Making the agents smarter · Building in the Open

The demo always shows the magic. You type a sentence, the agents build the thing, everyone claps. Nobody films the part I am doing this week.

This week I am writing instructions. Not features. The rules the agents follow, the notes on what good looks like, the record of what they got wrong last time. It is slow, and none of it shows up on screen.

I started here because the agents were drifting. I would ask for one thing and get something next to it. A fix in one spot, the same bug still alive three spots over. They were guessing where I had not been clear, and they guess like anyone guesses: fast, confident, wrong.

So I stopped adding features and started sharpening the words. I write down what “done” actually means. I write down yesterday’s mistake so it does not come back tomorrow. I tell them where to stop and what to prove before they call something finished.

The rulebook the agents read before every change — Not features — instructions.

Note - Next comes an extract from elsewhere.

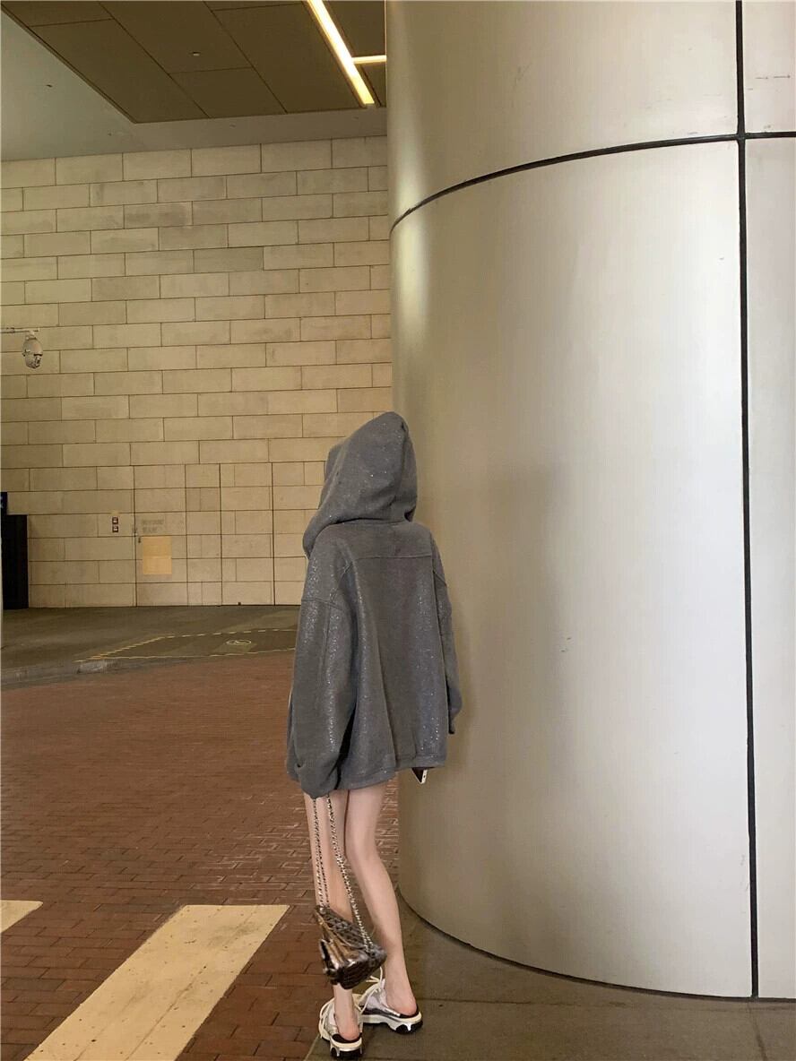 グレー怠惰なスタイルのフード付きスウェットシャツとベルベットのショートジャケット女性の秋 2023 新しいアメリカンレトロジッパートップ オータム 秋物 bstraw49384393790 | beaute25

The rulebook the agents read before they touch anything: what 'done' means, where to stop, what to prove first.

The rules read like plain sense once they exist. The work is noticing the gap in the first place, then writing the one line that closes it.

Vague instructions

Loose rules, no memory of last time. The agents drift and guess.

Sharp instructions

Clear rules and captured lessons. The agents land it.

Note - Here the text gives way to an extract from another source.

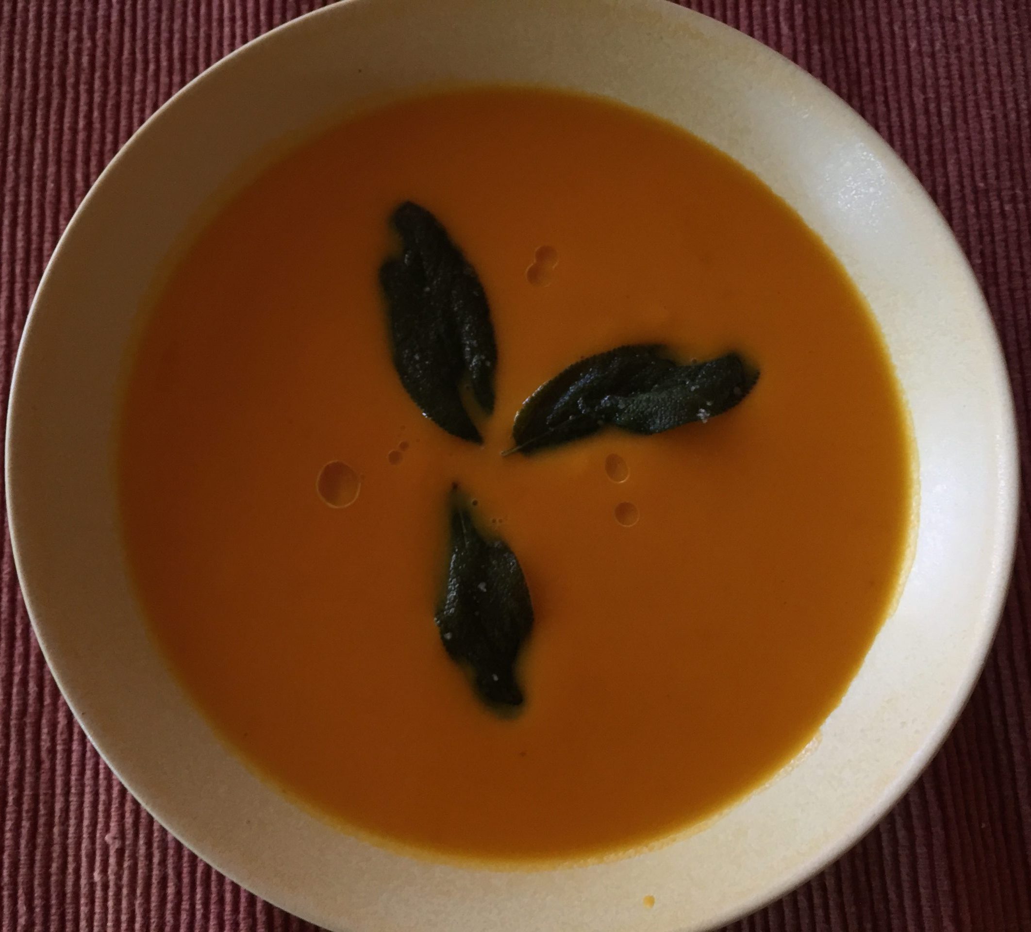 I made this soup last night. It’s easy to make and it tasted really good. There’s sweetness to it and creamy. I used nutmeg instead of mace. The sage leaves smelled so good in the kitchen that I felt the Christmas spirit paired up with the cool weather. I’ve never had fried sage before and it’s a great experience.

The change is not subtle. The same agents, the same model. Give them clearer words and they land the work the first time. I am not making them more powerful. I am making them less confused.

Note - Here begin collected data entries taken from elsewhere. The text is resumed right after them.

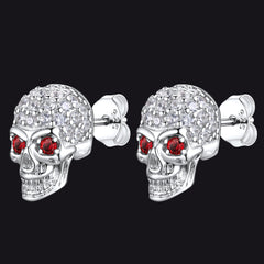 Sterling Silver Gothic Skull Diamond Stud Earrings For Men
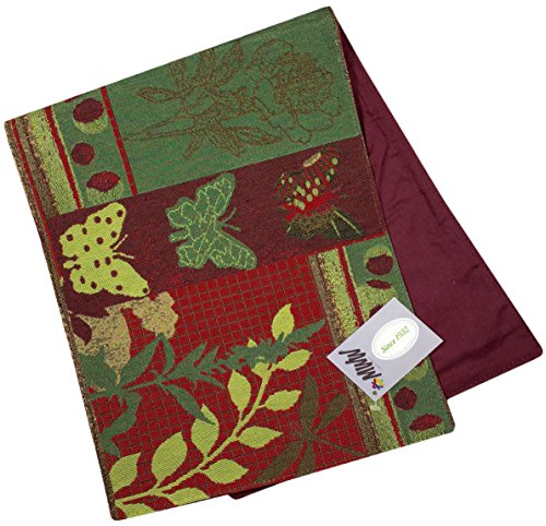 - Manual Amber Forest Dragonfly Butterfly Fern Lined Tapestry Tablerunner, in beautiful shades of Green, Red, Rust, Brown and Burgundy
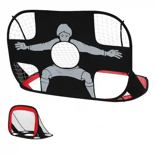 arco de fútbol infantil diseñado específicamente para el entrenamiento de precisión y puntería. Su característica principal es su diseño 2 en 1, que permite usarlo como una portería convencional o como un panel de práctica con objetivos definidos. Especificaciones Técnicas Dimensiones: 110 cm de ancho x 85 cm de alto (aunque algunos modelos similares pueden variar ligeramente a 120 x 80 x 80 cm). Materiales: Estructura: Fabricada comúnmente con varas de fibra de vidrio flexibles y ligeras. Tela: Confeccionado en tela Oxford de alta resistencia y duradera. Red: Malla de nailon o poliéster resistente al desgaste. Sistema de Montaje: Diseño "Pop-Up" (desplegable) que permite un armado rápido en segundos sin necesidad de herramientas. Portabilidad: Es totalmente plegable y suele incluir un bolso de transporte circular para facilitar su traslado a parques o jardines.

The model is a fraction of the result. The quality lives in how clearly I tell them what to do.

Hours of this. Reading what they produced, finding the gap, writing the rule that closes it. It is the least glamorous thing I do all month. It is also where the jump in quality comes from.

I keep waiting for it to feel like wasted time. It never does. There are twenty-six of these rules now, and every one of them started as a mistake I got tired of seeing twice. Each one I write once saves me the same correction a hundred times.

Learnings

I came in thinking the leverage was the model. It is not. The model was already good enough. What was missing was a clear definition of good, written down where the agents could read it, plus a memory of what they got wrong last time so they stopped repeating it.

The boring work is the high-leverage work. Writing the rules, sharpening what “done” means, capturing each lesson once. I avoided it because it is unglamorous and slow. The week I finally sat down and did it is the week the output got noticeably better, with nothing else changed.